SINGAPORE (Nov 7): Singapore Airlines (SIA) has reported earnings of $190 million for 2Q17/18 ended Sept, up nearly three times from its earnings of $65 million in the same period a year ago on stronger operating results.
Group revenue for the quarter rose 5.5% to $3.85 billion from a year ago.
The stronger topline came on the back of a $90 million improvement in operating revenue from its parent airline company, which was partially contributed by higher passenger flown revenue on higher passenger traffic as well as higher other incidental income.
As such, operating profit for 2Q17/18 trebled to $232 million as the improvement in revenue surpassed a $72 million increase in expenditure.

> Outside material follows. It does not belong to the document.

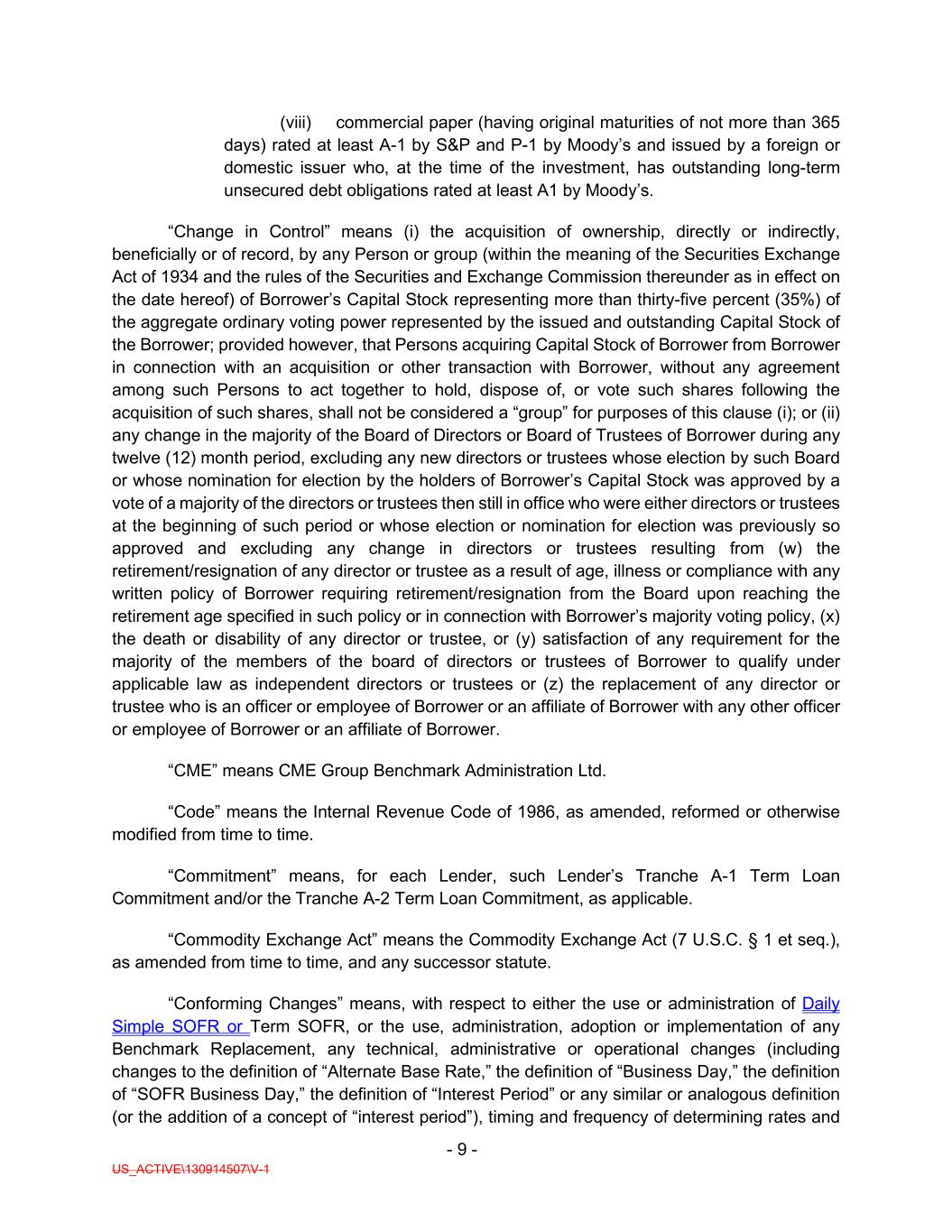 - 9 - US_ACTIVE\130914507\V-1 (viii) commercial paper (having original maturities of not more than 365 days) rated at least A-1 by S&P and P-1 by Moody’s and issued by a foreign or domestic issuer who, at the time of the investment, has outstanding long-term unsecured debt obligations rated at least A1 by Moody’s. “Change in Control” means (i) the acquisition of ownership, directly or indirectly, beneficially or of record, by any Person or group (within the meaning of the Securities Exchange Act of 1934 and the rules of the Securities and Exchange Commission thereunder as in effect on the date hereof) of Borrower’s Capital Stock representing more than thirty-five percent (35%) of the aggregate ordinary voting power represented by the issued and outstanding Capital Stock of the Borrower; provided however, that Persons acquiring Capital Stock of Borrower from Borrower in connection with an acquisition or other transaction with Borrower, without any agreement among such Persons to act together to hold, dispose of, or vote such shares following the acquisition of such shares, shall not be considered a “group” for purposes of this clause (i); or (ii) any change in the majority of the Board of Directors or Board of Trustees of Borrower during any twelve (12) month period, excluding any new directors or trustees whose election by such Board or whose nomination for election by the holders of Borrower’s Capital Stock was approved by a vote of a majority of the directors or trustees then still in office who were either directors or trustees at the beginning of such period or whose election or nomination for election was previously so approved and excluding any change in directors or trustees resulting from (w) the retirement/resignation of any director or trustee as a result of age, illness or compliance with any written policy of Borrower requiring retirement/resignation from the Board upon reaching the retirement age specified in such policy or in connection with Borrower’s majority voting policy, (x) the death or disability of any director or trustee, or (y) satisfaction of any requirement for the majority of the members of the board of directors or trustees of Borrower to qualify under applicable law as independent directors or trustees or (z) the replacement of any director or trustee who is an officer or employee of Borrower or an affiliate of Borrower with any other officer or employee of Borrower or an affiliate of Borrower. “CME” means CME Group Benchmark Administration Ltd. “Code” means the Internal Revenue Code of 1986, as amended, reformed or otherwise modified from time to time. “Commitment” means, for each Lender, such Lender’s Tranche A-1 Term Loan Commitment and/or the Tranche A-2 Term Loan Commitment, as applicable. “Commodity Exchange Act” means the Commodity Exchange Act (7 U.S.C. § 1 et seq.), as amended from time to time, and any successor statute. “Conforming Changes” means, with respect to either the use or administration of Daily Simple SOFR or Term SOFR, or the use, administration, adoption or implementation of any Benchmark Replacement, any technical, administrative or operational changes (including changes to the definition of “Alternate Base Rate,” the definition of “Business Day,” the definition of “SOFR Business Day,” the definition of “Interest Period” or any similar or analogous definition (or the addition of a concept of “interest period”), timing and frequency of determining rates and

Overall, the group’s parent airline company and SIA Cargo posted earnings growth over 2Q, while Scoot and SilkAir recorded weaker earnings with continued investment for expansion.
The latest quarter brings SIA’s earnings for 1H17/18 to $425 million, representing a 32% improvement from $321.5 million previously as a result of higher operating profit and lower share of losses from associated companies.
This was in spite of the absence of last year’s gain on SIA Engineering’s divestment of its 10% stake in Hong Kong Aero Engine Services Ltd (HAESL) and special dividends received from HAESL.
SIA is declaring an interim dividend of 10 cents per share for 1H17/18, which will be paid on Dec 5 to shareholders as of Nov 23 this year.
In its outlook, the group says headwinds will remain as its competitors mount significant capacity in key markets, while it expects yields to continue facing pressure.
SIA adds that it is taking delivery of modern and fuel-efficient aircraft, and further expanding its network across the low-cost and full-service market segments, and will continue to exercise nimbleness and flexibility in deploying the various vehicles in its portfolio to cater to opportunities in the appropriate markets.
Noting that its three-year transformation programme is progressing on track, the group is also in the midst of identifying new opportunities for revenue generation, re-structuring of its cost base and enhancement of organisational effectiveness under the programme.
Shares in SIA closed 7 cents lower at $10.32 on Tuesday.